A BLOG FOR PARENTS OF TEEN DRIVERS

 

 

 

 

 

 

 

 

 

 

 

 

 

 

 

 

 

 

 

 

 

 

 

 

 

 

 

 

 

 

 

 

 

 

 

Tips From Reid's Dad

My basic list of facts and cautions for parents of teen drivers

FACTS

  • Driving is the leading cause of death for children.

  • There is no such thing as a safe teen driver. We can train teens to operate a vehicle, but we cannot overcome the facts that their brains do not yet fully appreciate risk and danger, and that driving continually requires judgment, which requires experience, which new drivers do not have.

  • When teen drivers crash, they almost always injure or kill not only themselves, but also passengers, other drivers, and pedestrians.

  • Teen driver laws have solid public safety evidence behind them.

  • Enforcement of teen driving laws is primarily up to parents. The police can only help.

  • Just because a nighttime curfew, passenger restrictions, seat belt laws, and cellphone/electronics bans are difficult for the police and parents to enforce doesn't mean that state laws should not set a safety standard.

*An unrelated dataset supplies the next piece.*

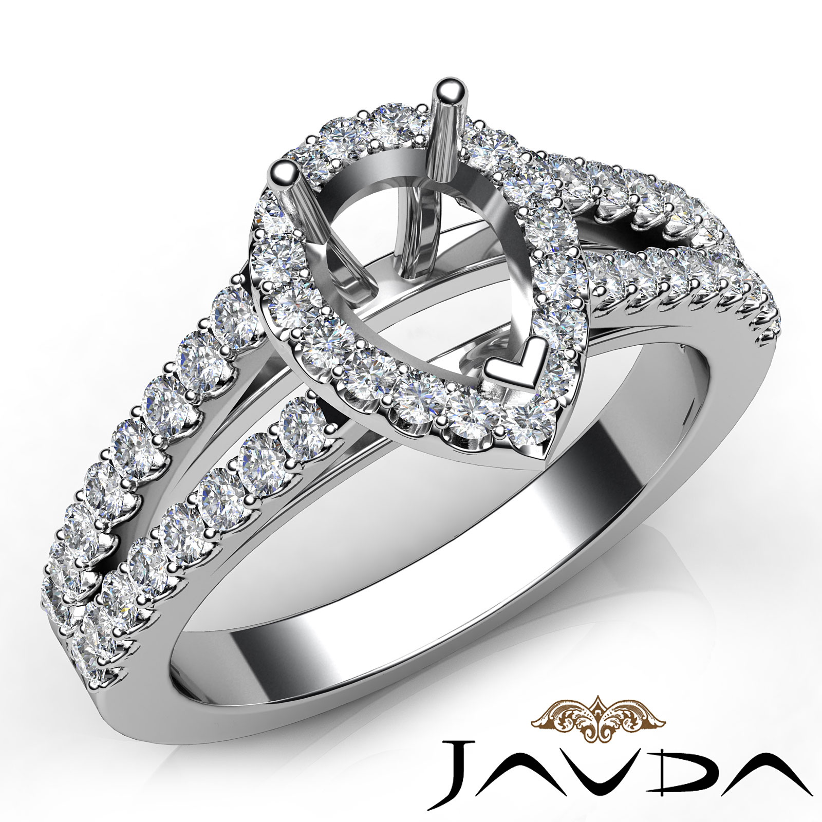 Side 0.75 ctw. Round Diamond Gorgeous Round Diamond Women Engagement & Anniversary Solid Ring made in 18k Gold White. Diamonds are set in Halo Prong Set for Pear Cut in a Semi Mount. (0.75Ct. tw.)

  • The farther a newly-licensed driver ventures from home, the more likely he or she is to be driving on an unfamiliar road.

  • License suspensions, penalties, and fines for teen driving law violations are easily avoided: just comply with the rules.
CAUTIONS

  • Don't compromise safety for convenience, or to save on gasoline.

  • Make a list of your child's friends who are authorized to carry passengers AND are known to you to be safe drivers. Prohibit your child from getting a ride from any teen not on that list.

  • If you can afford one or more of the technologies to track your teen's driving – for example, a global positioning system or a device that sends you an e-mail if your teen's car exceeds a particular speed – buy it.

  • Use a teen driver contract.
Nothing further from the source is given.